The Cogent Shareholders Have Spoken. Executive Compensation Not Approved. The Results, Well, The Same, I Guess.

Dodd-Frank getting the results! Not many results as ink was spilled and money was spent soliciting a non-binding vote ignored by management, but those are still results.

At its 2011 Annual Meeting of Shareholders, the shareholders of Cogent Communications Group, Inc. did not approve the executive compensation. Did Cogent learn its lesson?

At its 2013 Annual Meeting of Shareholders, the shareholders of Cogent Communications Group, Inc. did not approve the executive compensation. Will Cogent learn its lesson?

In each of 2011 and 2012:

  • Base salary for the CEO, CFO, Chief Revenue Officer, Chief Legal Officer and highest paid VP increased;
  • Total compensation decreased from 2010 to 2011 but skyrocketed in 2012 over and above 2011 levels. In the case of the CEO, total comp went from about $4.0 million in 2010 to $8.8 million in 2012.
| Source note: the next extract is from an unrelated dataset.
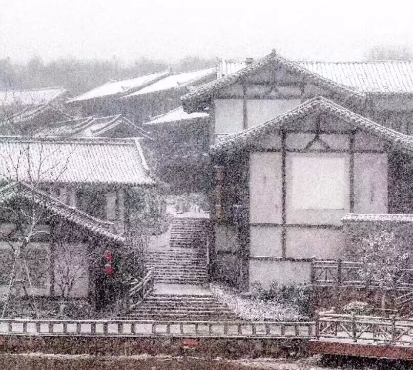 如果不是这场雪,我甚至不知道在湖北襄阳还藏着这样一座盛世唐城。白雪漫漫,庭树飞花,似紫禁城,也似长安巷……美到难以言喻!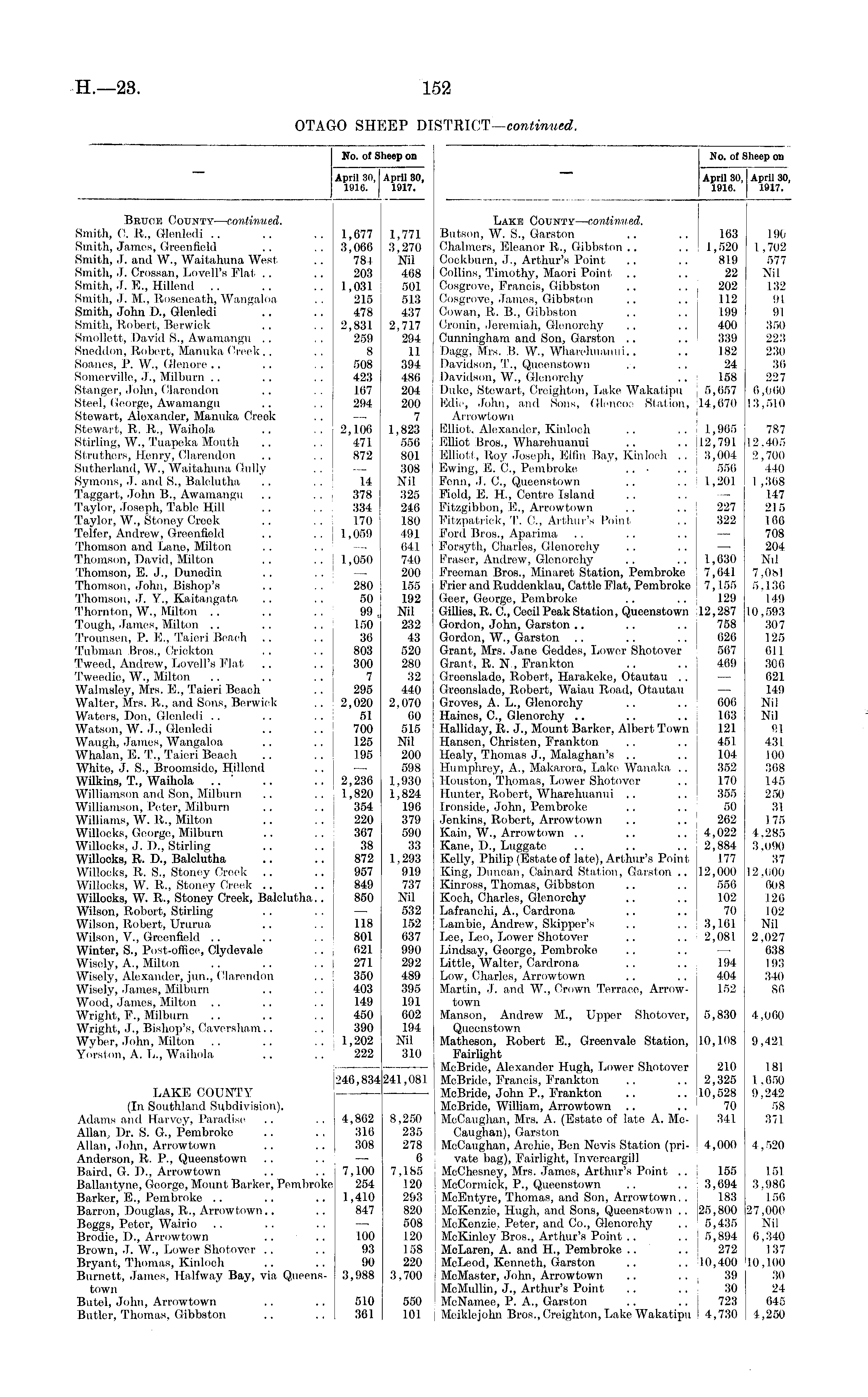 No. of Sheep on No. of Sheep on April 30,1 April 80, 1916. 1917. April 30 1Q1A April 30, April 30, 1916. 1917. 1916. Bruce County— continued. Smith, 0. R., Glenledi Smith, Jamos, Greenfield Smith, J. and W., Waitahuna West Smith, J. Crossan, LoveU's Flat Smith, J. E., Hillend Smith, J. M., Roseneath, Wangaloa Smith, John D, Glenledi Smith, Robert, Berwick Smollett, David S., Awamangu Sneddon, Robert, Manuka Creek Soancs, P. W., Glenore Somerville, .)., Milburn Stanger, John, Clarendon Steel, George, Awamangu Stewart, Alexander, Manuka Creek Stewart, R. R., Waihola Stirling, W., 'Tuapeka Mouth Struthcrs, Henry, Clarendon Sutherland, W., Waitahuna Gully Symons, J. and S., Balclutha Taggart, John B., Awamangu Taylor, Joseph, Table Hill Taylor, W., Stoney Creek Teller, Andrew, Greenfield Thomson and Lano, Milton Thomson, David, Milton Thomson, E. J., Dunedin Thomson, John, Bishop's Thomson, J. Y., Kaitangata. Thornton, W., Milton Tough, James, Milton Trounsen, P. E., Taieri Beach Tubman Bros,, Crickton Tweed, Andrew, LoveU's Plat Tweedie, W., Milton Walmsley, Mrs. E., Taieri Beach Walter, Mrs. R., and Sons, Berwick Waters, Don, Glenledi Watson, W. J., Glenledi Waugh, James, Wangaloa Whalan, E.'!.'., Taieri Beach White, J. S., Broomsido, Hillend Wilkins, T., Waihola .. ' Williamson and Son, Milburn Williamson, Peter, Milburn Williams, W. It., Milton Willoeks, George, Milburn Willoeks, J. D., Stirling Willoeks, R. D., Balclutha Willoeks, R. S„ Stoney Greek Willoeks, W. R., Stoney Greek .. .. j Willoeks, W. R., Stoney Creek, Balclutha.. Wilson, Robort, Stirling Wilson, Robert, Ururua Wilson, V., Greenfield Winter, S., Post-office, Clydovale Wisely, A., Milton Wisely, Alexander, jun., Clarendon Wisely, James, Milburn Wood, James, Milton Wright, P., Milburn Wright, J., Bishop's, Oavorsluim.. Wyber, John, Milton Yorston, A. L., Waihola 1,677 3,060 784 203 1,031 215 478 2,831 259 8 508 423 167 294 2,106 471 872 14 378 334 170 1,0.59 1,050 280 50 99, 150 30 803 300 7 295 2,020 51 700 125 195 2,236 1,820 354 220 367 38 872 957 849 850 118 801 621 271 350 403 149 450 390 1,202 222 1,771 3,270 Nil 468 501 513 437 2,717 294 11 394 486 204 200 7 1,823 556 801 308 Nil 325 246 180 491 641 740 200 155 192 Nil 232 43 520 280 32 440 2,070 00 515 Nil 200 598 1,930 1,824 196 379 590 33 1,293 919 737 Nil 532 152 637 990 292 489 395 191 602 194 Nil 310 Lake County— continued. Butson, W. S., Garston .. .. 163 Chalmers, Eleanor It., Gibbston .. .. 1,520 Cockburn, J., Arthur's Point .. .. 819 Collins, Timothy, Maori Point .. .. 22 Cosgrove, Francis, Gibbston .. ... 202 Oosgrove, James, Gibbston .. .. 112 Cowan, R. B., Gibbston .. .. 199 Cronin, Jeremiah, Glenorchy .. .. 400 Cunningham and Son, Garston .. .. 339 Dagg, Mrs. B. W., Wharehuanui.. .. 182 Davidson, T., Queenstown .. . . 24 Davidson, W., Glenorchy .. j 158 Duke, .Stewart, Creighton, Lake Wakatipu j 5,657 Edie, John, and Sons, Glencoc Station, 14,070 Arrowtown Elliot, Alexander, Kinloch .. ., | 1,905 Elliot Bros., Wharehuanui .. .. 112,791 Elliott, Roy Joseph, Elfin Bay, Kinloch . . 3,004 Ewing, E. G, Pembroke ... .. 550 Fenn, J. C, Queenstown .. .. 1,201 Fiold, E. H., Centre Island Fitzgibbon, E., Arrowtown .. .. 227 Fitzpatrick, T. G, Arthur's Point .. 322 Ford Bros., Aparima . . .. . . — Forsyth, Charles, Glenorchy . . .. —■ Eraser, Andrew, Glenorchy .. .. 1,630 Freeman Bros., Minaret Station, Pembroke 7,041 Frier and Ruddenklau, Cattle Flat, Pembroke 7,155 Geer, George, Pembroke .. .. 129 Gillies, R. G, Cecil Peak Station, Queenstown 12,287 Gordon, John, Garston .. .. .. 758 Gordon, W., Garston .. . . . . 020 Grant, Mrs. Jane Geddes, Lower Shotover 507 Grant, R. N, Frankton .. .. 409 Groonslado, Robert, Harakeke, Otautau . . —■ Greenslade, Robert, Waiau Road, Otautau —■ Groves, A. L., Glenorchy .. .. 006 Haines, C, Glenorchy .. .. .. I 163 Halliday, It. J., Mount Barker, Albert Town 121 Hansen, Christen, Frankton .. .. 451 Healy, Thomas J., Malaghan's .. .. 104 Humphrey, A., Makarora, Lake Wanaka .. 352 Houston, Thomas, Lower Shotover .. 170 Hunter, Robert, Wharehuanui .. .. 355 Ironside, John, Pembroke .. .. 50 Jenkins, Robert, Arrowtown .. .. J 262 Kain, W., Arrowtown .. .. .. I 4,022 Kane, D., Luggate .. .. .. 2,884 Kelly, Philip (Estateof late), Arthur's Point 177 King, Duncan, Cainard Station, Garston .. 12,000 Kinross, Thomas, Gibbston .. .. 550 Koch, Charles, Glenorchy .. .. 102 Lafranehi, A., Cardrona .. .. 70 Lambie, Andrew, Skipper's .. .. 3,161 Lee, Leo, Lower Shotover .. .. 2,081 Lindsay, George, Pembroke .. .. —■ Little, Walter, Cardrona . . .. 194 Low, Charles, Arrowtown .. .. 404 Martin, J. and W., Grown 'Terrace, Arrow- 152 town Manson, Andrew M., Upper Shotover, 5,830 Queenstown Matheson, Robert E., Greenvale Station, 10,108 Fairlight McBride, Alexander Hugh, Lower Shotover 210 MoBride, Francis; Frankton .. .. 2,325 McBride, John P., Frankton .. .. 10,528 McBride, William, Arrowtown .. .. 70 McCaughan, Mrs. A. (Estato of late A. Mc- 341 Caughan), Garston McCaughan, Archie, Ben Nevis Station (pri- 4,000 vate bag), Fairlight, Invercargill MeChesney, Mrs. James, Arthur's Point .. i 155 McCormick, P., Queenstown .. .. ; 3,694 McEntyre, Thomas, and Son, Arrowtown. . 183 McKenzie, Hugh, and Sons, Queenstown .. 25,800 McKenzie. Peter, and Co., Glenorchy .. 5,435 MoKinley Bros., Arthur's Point .. .. 5,894 McLaren, A. and H., Pembroke .. .. 272 McLeod, Kenneth, Garston .. .. 10,400 MeMaster, John, Arrowtown .. ... 39 McMullin, J., Arthur's Point .. .. ! 30 MoNamee, P. A., Garston .. .. j 723 Mi'iklejohu Bros., Creighton, Lake Wakatipu I 4,730 190 1,702 577 Nil 132 91 91 350 223 230 30 227 0,000 13,510 787 12.405 2,700 440 1 ,308 147 215 I 00 708 204 Nil 7,08] 5.130 149 10,593 307 125 011 300 621 149 Nil Nil 91 431 100 368 145 250 31 I 75 4.285 3,090 37 12,000 008 126 102 Nil 2,027 038 193 340 SO 4,000 9,421 LAKE COUNTY (In Southland Subdivision). Adams and Harvey, Paradise Allan, Dr. S. G., Pembroke Allan, .lohn, Arrowtow

I guess we’ll see next year if this is what the shareholders had in mind.

Form 8-K – 2011 Annual Meeting Results
Form 8-K – 2013 Annual Meeting Results
Proxy Statement – 2013 Annual Meeting

After the SEC Seems to Grant Approval for the Use of Social Media to Release Material Nonpublic Information, Zynga Announces It Will Use Social Media to Release Material Nonpublic Information

Zynga tells where, but not what or when. Is this general disclosure enough?

After the SEC provided guidance on the use of social media, we may be starting to see companies embrace it.

In the Form 8-K for their latest earnings release, Zynga followed the guidance and let investors know that they would use a variety of channels to announce material information, including social media.  They also provided the URLs for their Facebook, Twitter and blog pages.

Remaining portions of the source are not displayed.